21.Januar 2004, 18.00 – 19.00 Uhr
Heute Abend hat in der Zürcher Bahnhofstrasse das Radioballett stattgefunden. Zwischen Pestalozzianlage und dem St.Annahof haben 500 Personen ihre Kritik am Kapitalismus und dem WEF anhand synchroner Bewegungen manifestiert, an einem der Kristallisationspunkte kapitalistischer Globalisierungen, wo öffentliche Kritik nur selten möglich ist.
Die über Radio LoRa angeleitete kollektive Choreografie griff von den Global Players beeinflusste Alltagsrealitäten auf. So wurde beispielsweise mit der Geste des Bettelns Armut, mit massenhaften imaginären Personenkontrollen die Überwachung des öffentlichen Raums, oder mittels „blindem Gehorsam“ die zunehmende Akzeptanz militärischer Einsätze im Innern sichtbar gemacht.
PassantInnen zugeflüsterte „Wipe out Wef“'s, lautstarkes Denunzieren Schweizerischer WEF-Mitglieder (von ABB – ZKB) sowie ein „Happy Birthday“ an den inhaftierten Marco Camenisch, brachten die Verhältnisse mindestens symbolisch zum Tanzen.
Bei einer anschliessenden Spontandemonstration durch die Bahnhofstrasse, über Paradeplatz, Bellevue und Central übernahm die Zürcher Stadtpolizei mangels vorgängiger Beschäftigung ihren gewohnten Part und kontrollierte abschliessend die in einem Kessel Festgehaltenen.
Wer sich dem noch knapp entziehen konnte sah sich den hinter dem Polzeicordon aufgestellten Faschos gegenüber.

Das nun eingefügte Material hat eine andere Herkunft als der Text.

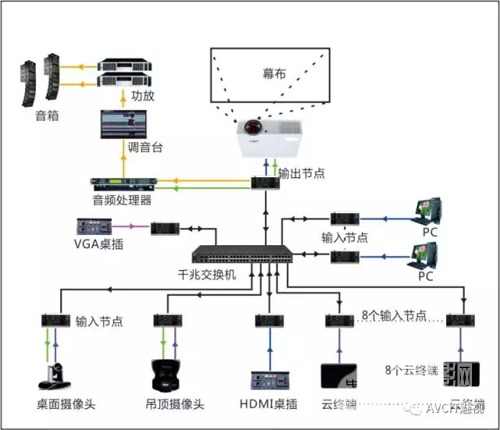 同樣的功能場合,DS3.0分布式系統,架構簡約,DS3.0 輸入輸出節點僅通過一根網線與交換機連接,就能達到整個系統的互通互聯。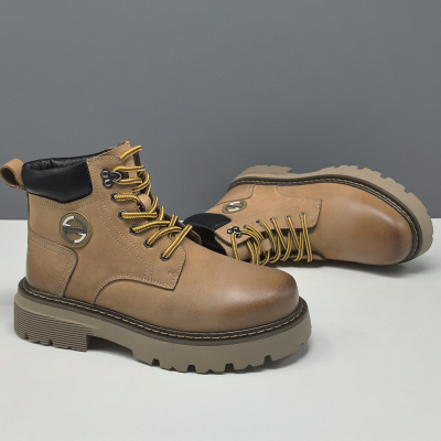 男生头层牛皮百搭户外休闲鞋欧洲站复古真皮马丁靴厚底增高皮靴男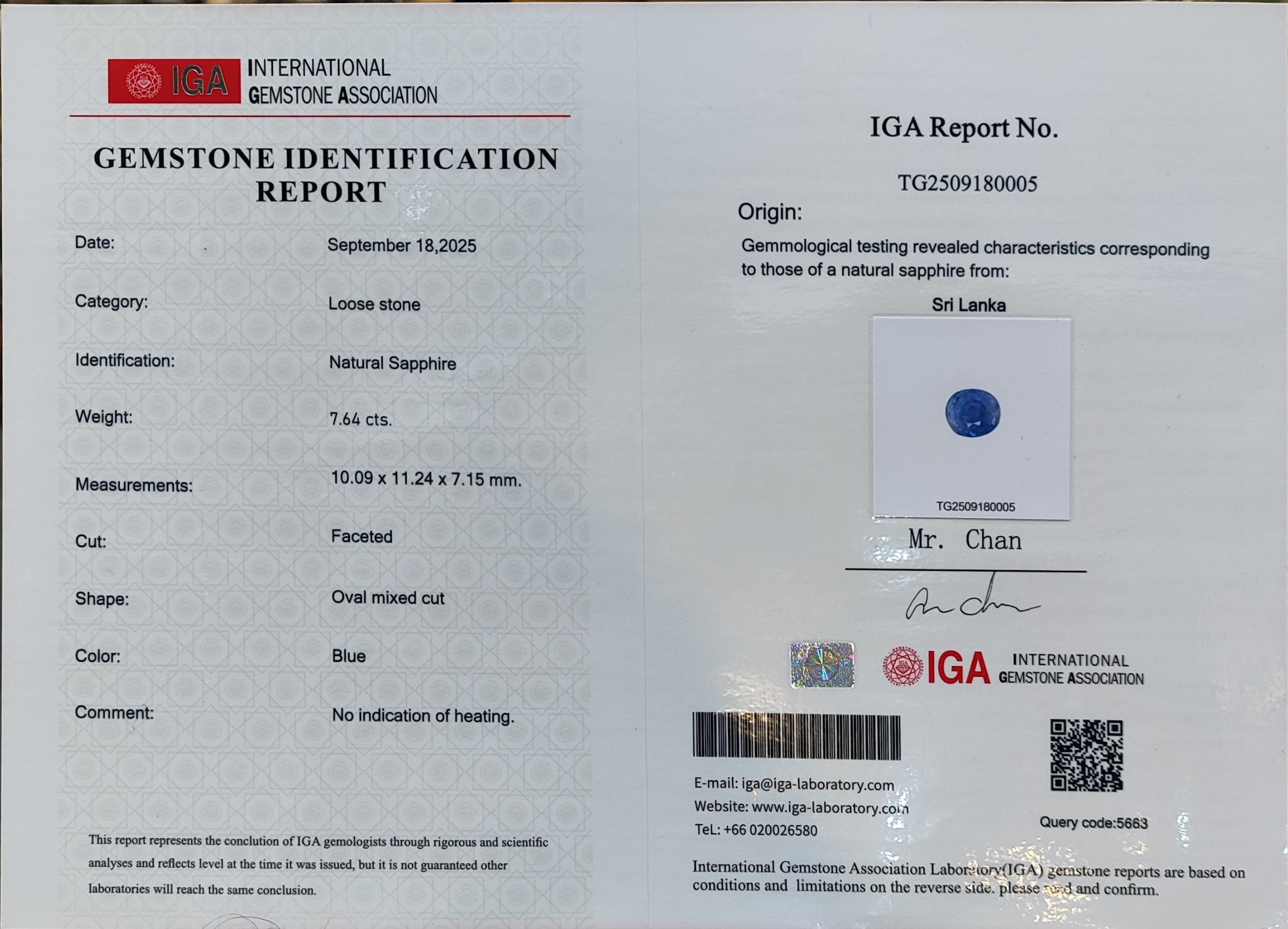 یاقوت کبود انهیت سریلانکا وزن 7/64 قیراط با شناسنامه معتبر بین المللی قابل استعلام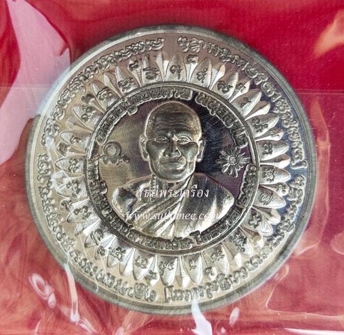เหรียญบาตรน้ำมนต์ มหาไสยเวทย์ทานตะวัน เนื้อตะกั่วผสมเงินยวง หลังเรียบ จารมือ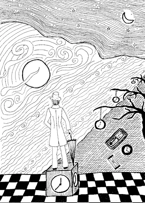 Работаю в университете. Всегда прихожу вовремя, секунда в секунду начинаю свою работу и заканчиваю её. Но однажды мой мир рушится, всё идет не так, как обычно. По пути домой начинается дождь. Я предусмотрителен и всегда ношу с собой зонт, но сильный порыв ветра вырывает его у меня из рук, и я оказываюсь насквозь мокрым. Вынимаю из кармана часы и понимаю, что в них попала вода. Когда я держу их в руке, то вижу, как отпотевает стекло изнутри. Я совершенно растерян, потому что часы – мой основной ориентир в жизни, и теперь он потерян. Стою посреди улицы мокрый, с часами в руках и не знаю, что делать. Я даже забыл, в каком направлении мне нужно идти.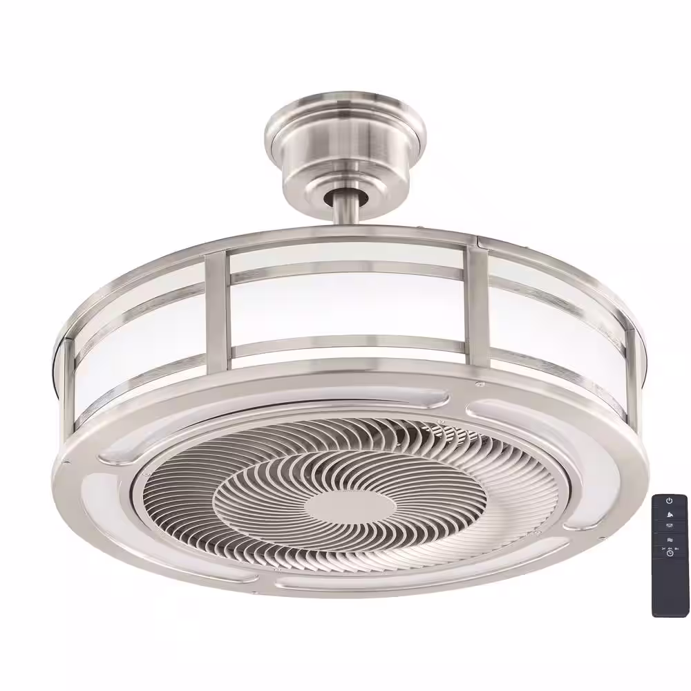 Home Decorators Collection Brette III 23 in. Integrated LED Indoor/Outdoor Brushed Nickel Ceiling Fan with Light and Remote Control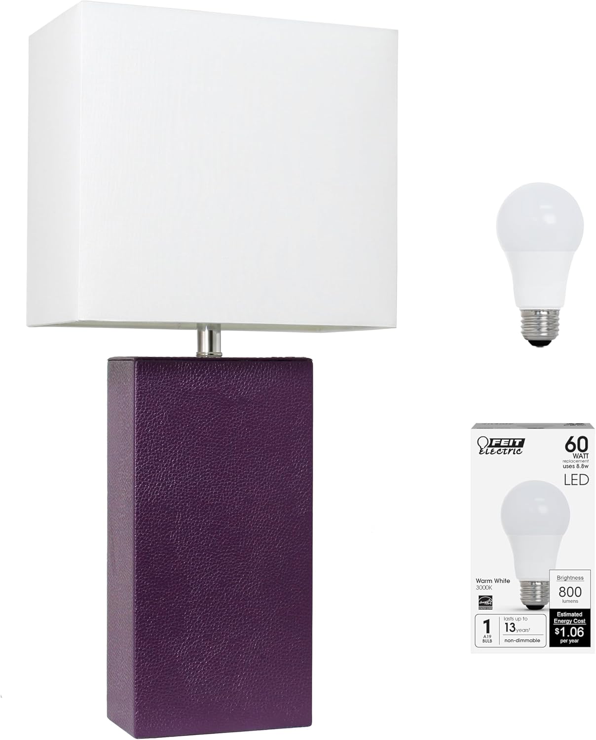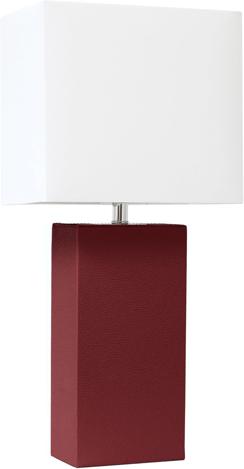 This fashionable table lamp, with its leather body and white fabric shade, will add style and pizzazz to any room. We believe that lighting is like jewelry for your home. Our products will help to enhance your room with elegance and sophistication.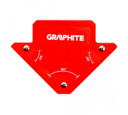 GRAPHITE Mágneses derékszög hegesztéshez (ref.sz. 56H901), a hegesztett anyagok 45˚ és 90˚ szögben rögzíthetők. Az erős ferrit mágnesek megtartják a hegesztett anyagokat, ennek köszönhetően a hegesztő kezei szabadok.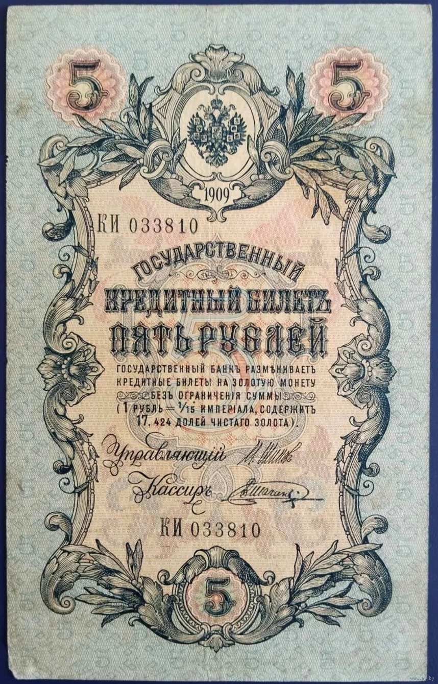 5 рублей 1909 г. Шипов-Шагин. КИ.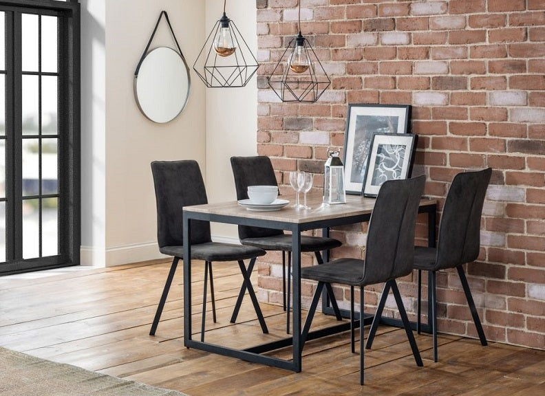 The Monroe Dining Chair combines a retro flair with a contemporary design, perfect for the modern home. Upholstered in a charcoal grey microsuede fabric, with powder coated steel legs, this sturdy design offers a modern, netural design perfect for a range of dining rooms. Match The Monroe Dining Chair with the Brooklyn Dining Table or the Tribeca Dining Table to create a chic industrial feel.

Das Radioballett dient zur Rückgewinnung des politischen und öffentlichen Raums. Mit Taschenradio und Kopfhörern ausgerüstet, werden die Anleitungen des Radios empfangen.
Das Radioballett reiht sich in die verschiedenartigsten Widerstandsaktionen gegen das World Economic Forum in Davos ein - von der Auftaktdemonstration in Winterthur über die zahlreichen Blockadeaktionen bis hin zu den Demonstrationen vom Samstag, 24. Januar, in Davos und Chur.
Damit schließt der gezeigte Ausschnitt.